Иллюзия вечности - Роман Медведев 12 стр.


На улице Сашина сестра прижалась к его груди и стала прятать лицо в свитер. Мы медленно двинулись к своему дому. Широким проспектом. Навстречу время от времени шли люди. Иногда проезжали автомобили. Мне показалось, всё это могло послужить началом терапии для девчонки. Её возврату в мир живых.

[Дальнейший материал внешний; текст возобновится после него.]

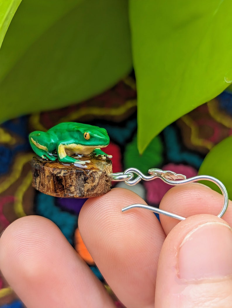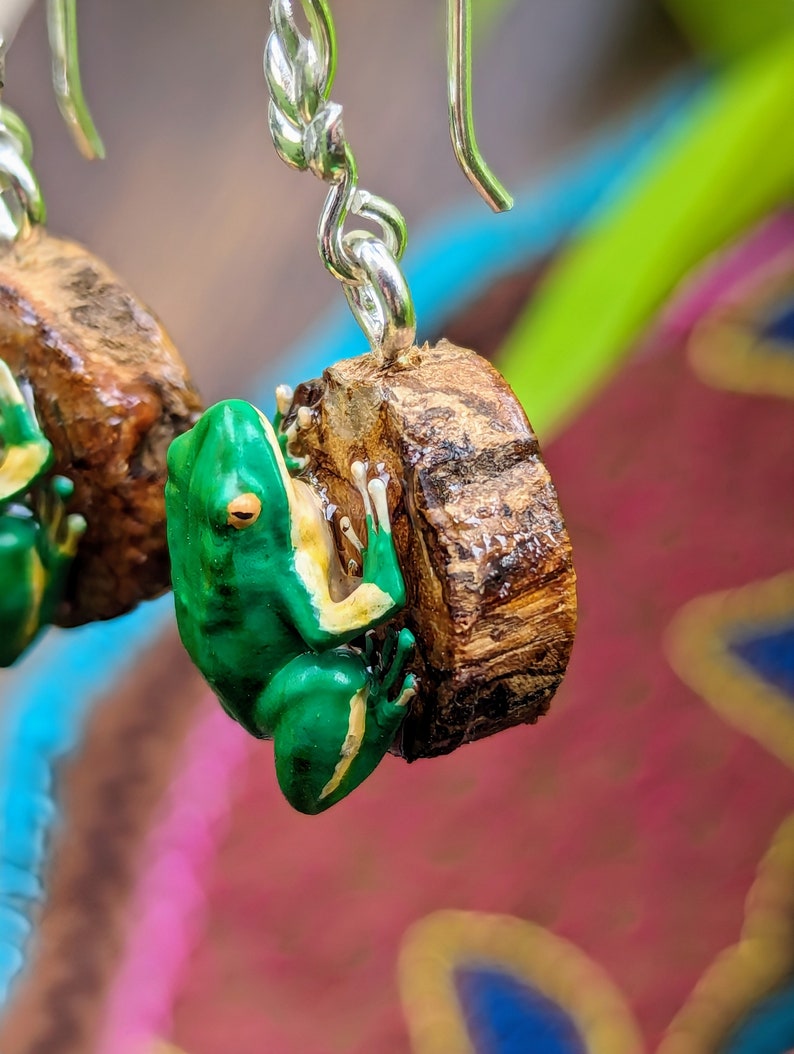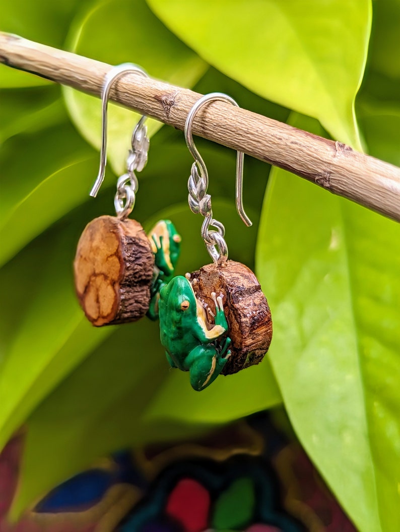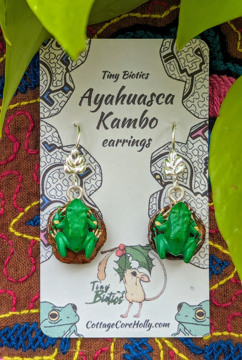 These powerful, one-of-a-kind earrings feature authentic banisteriopsis caapi vine (ayahuasca) hand-rubbed with agua de florida and encased in protective resin, topped with a meticulously handcrafted and hand-painted 3D printed rainforest frog.
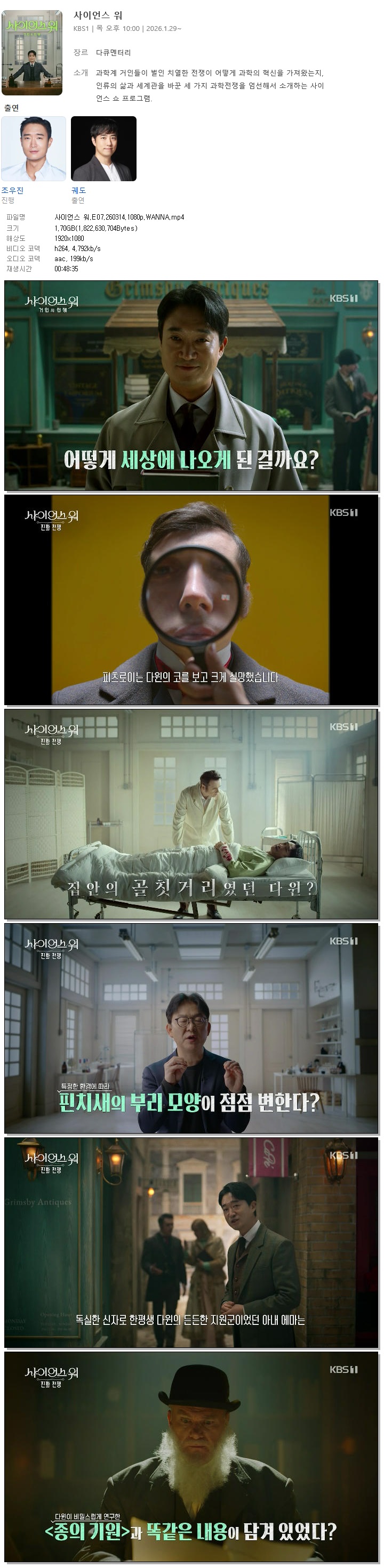 과학은 언제나 하나의 질문에서 시작됐다. 오늘날 우리가 누리는 과학기술과 문명의 진보 뒤에는 집요한 질문과 수많은 가설, 반증과 실패를 거듭한 과학계 거인들의 치열한 전쟁이 있었다. 관전 포인트 ① 조우진 X 궤도, 과학을 ‘이야기’로 풀어내는 최적의 조합 믿고 보는 명품 배우 조우진과 이 시대 가장 주목받는 과학 커뮤니케이터 궤도의 만남. 이 조합만으로도 1회부터 화제를 모았던 '사이언스 워:거인의 전쟁'이 이번엔 ‘생명의 미스터리’ 속으로 들어간다. 무대는 1950년대, 생명의 비밀을 두고 과학자들이 숨 막히는 레이스를 벌였던 현장이다. 조우진은 주요 인물들 사이를 오가며 야망과 집착, 그리고 과학적 신념이 교차하던 과학 전쟁의 순간을 연극적 호흡과 섬세한 감정 연기로 풀어낸다. 천의 얼굴, 조우진의 연기는 어려운 과학을 감정과 서사가 살아있는 ‘사람 이야기’로 바꿔놓는다. 여기에 궤도의 명쾌한 설명이 더해지며 시청자는 복잡한 과학 이론을 자연스럽게 이해하게 된다. 관전 포인트 ② 초대형 세트 ‘여섯 개의 방’, 시공간을 넘나드는 과학 드라마 '사이언스 워'는 초대형 스튜디오에 구현된 여섯 개의 공간을 무대로 과학사의 결정적 순간들을 입체적으로 재현한다. 기존 교양 프로그램에서 보기 힘들었던 화려한 세트, 정교하게 설계된 카메라 동선, 영화적 조명과 음악이 어우러지며 강렬한 시청각적 몰입을 선사한다. 공영방송 KBS가 축적한 다큐 제작 노하우에 연극적 무대를 결합한 새로운 과학 프로그램의 탄생. 과학 이론의 충돌과 그 끝에 탄생한 결정적 순간들이 마치 한 편의 영화처럼 눈앞에 펼쳐친다. 관전포인트 ③ ‘어렵지 않지만, 얕지 않은’ 과학 스토리텔링 재미와 지적 유희를 동시에 충족시키는 지식 콘텐츠가 넘쳐나는 시대. 하지만 질문의 ‘맥락’까지 짚어주는 프로그램은 드물다. '사이언스 워:거인의 전쟁'은 이 지점에서 출발한다. 과학을 단순히 ‘쉽고, 재밌게’ 설명하는 데서 멈추지 않고 왜 그 질문이 시작됐고, 어떻게 이어져 왔는지를 이야기로 풀어낸다. 생명의 궁금증에서 출발한 질문은 멘델과 슈뢰딩거를 거쳐 DNA 구조 발견이라는 결정적 순간에 이르고, 시청자는 과학자들의 치열한 이론 전쟁이 왜 중요했는지 그리고 오늘날 우리의 삶과 어떻게 연결되는지를 알게 된다.과학이 처음인 시청자부터 익숙한 시청자까지 모두가 즐길 수 있는 과학 스토리텔링이 강점이다. * 사이언스워는 한국과학창의재단의 ‘2025년 과학프로그램 지원사업’ 선정작이다 '사이언스 워:거인의 전쟁' 2회 – DNA 전쟁 : 왓슨과 크릭 ■ 과학계의 문제아 제임스 왓슨 타계, 재조명되는 DNA 구조 발견 지난해 11월 6일 제임스 왓슨 (향년 97세)의 타계 소식과 함께 그의 업적이 재조명되고 있다. 제임스 왓슨과 프랜시스 크릭이 1953년 발표한 128줄짜리 단 한 장의 논문은 과학사의 흐름을 바꿔 놓았다. 하지만 그 순간에 이르기까지, 인류는 오랫동안 ‘생명이란 무엇인가’, ‘부모의 특징은 어떻게 다음 세대로 전해지는가?’라는 질문 앞에서 답을 찾지 못했다. 당시 이름조차 알려지지 않았던 젊은 풋내기 과학자 왓슨과 크릭은 어떻게 가장 먼저 생명의 설계도를 손에 넣을 수 있었을까? '사이언스 워:거인의 전쟁' 두 번째, 생명의 비밀에 도전한 과학자들의 치열한 전쟁의 서막이 오른다. ■ 풀리지 않는 미스터리 ‘생명이란 무엇인가’ 20세기 중반, 과학의 중심은 흔들리고 있었다. 세계대전과 경제 대공황을 겪으며 물리학자들은 과학이 인류를 구하지 못했다는 깊은 회의에 빠진다. 그때, 한 물리학자가 던진 질문이 과학계를 뒤흔든다. ‘생명이란 무엇인가’. 슈뢰딩거의 이 질문은 생명을 물리 화학의 언어로 풀 수 있다는 도발적인 가능성을 제시했고, 방황하던 젊은 과학자들은 생물학이라는 미지의 영역으로 향한다. 19세기 멘델이 유전학의 문을 열고, 20세기 초 모건이 초파리 실험으로 유전 정보가 염색체에 있다는 사실을 밝혀낸 뒤, 과학자들은 마침내 유전물질의 주인공이 DNA라는 사실에 도달한다. 그러나 그들 앞에는 또 다른 난제가 남는다. ‘DNA는 어떤 구조로 생명 정보를 담고 있는가?’ ■ DNA 구조를 둘러싼 사상 초유의 과학 레이스 1950년대, DNA 구조를 밝히기 위해 과학자들은 한 치의 양보도 없는 레이스에 돌입한다. 화학계의 거장 라이너스 폴링, X선 회절 분야의 최고 실력자 로절린드 프랭클린과 모리스 윌킨스, 그리고 이름조차 널리 알려지지 않았던 젊은 과학자 제임스 왓슨과 프랜시스 크릭. 세 팀의 경쟁이 치열해지는 가운데, 왓슨은 프랭클린이 찍은 ‘포토51’을 보게 된다. 그리고 이 한 장의 사진은 그들의 운명을 완전히 바꿔놓는다. ■ 구조 발견 이후, 또 다른 전쟁 ‘게놈 프로젝트’ 왓슨과 크릭은 DNA 이중나선 구조를 밝혀내며 과학사의 승자로 기록된다. 그러나 이 위대한 발견 뒤에는 끝내 정리되지 않은 논쟁이 남아있다. 결정적 단서를 제공한 로절린드 프랭클린은 왜 노벨상의 주인공이 되지 못했는가? 그녀의 공은 어디까지 인정받아야 하는가 이 질문은 오늘날까지 미완으로 남아있다. DNA 구조 발견 이후, 인류는 멈추지 않

Сам же я, словно назло, бессознательно акцентировался на других объектах. Сущая нелепица. Обычная для городского жителя наружная реклама. Которую в обычной жизни не замечаешь, как листья деревьев. А тут заметил один баннер и пошло-поехало – навязчиво стало бросаться в глаза всё подряд. Почти издевательского содержания: "ВКЛЮЧИ СВОЮ ЭНЕРГИЮ", "УПРАВЛЯЙ ВСЕМ МИРОМ", "НАЧНИ ЖИТЬ ЗАНОВО", "МЕЧТЫ СБЫВАЮТСЯ", "ОТКРОЙСЯ НОВОМУ", "НАСЛАЖДАЙСЯ" и так далее. Кто-то должен уничтожить всё это. Пока мы все не сошли с ума окончательно.

Вскоре Ира устала настолько, что не могла больше идти самостоятельно. Нам пришлось поочередно нести её на руках.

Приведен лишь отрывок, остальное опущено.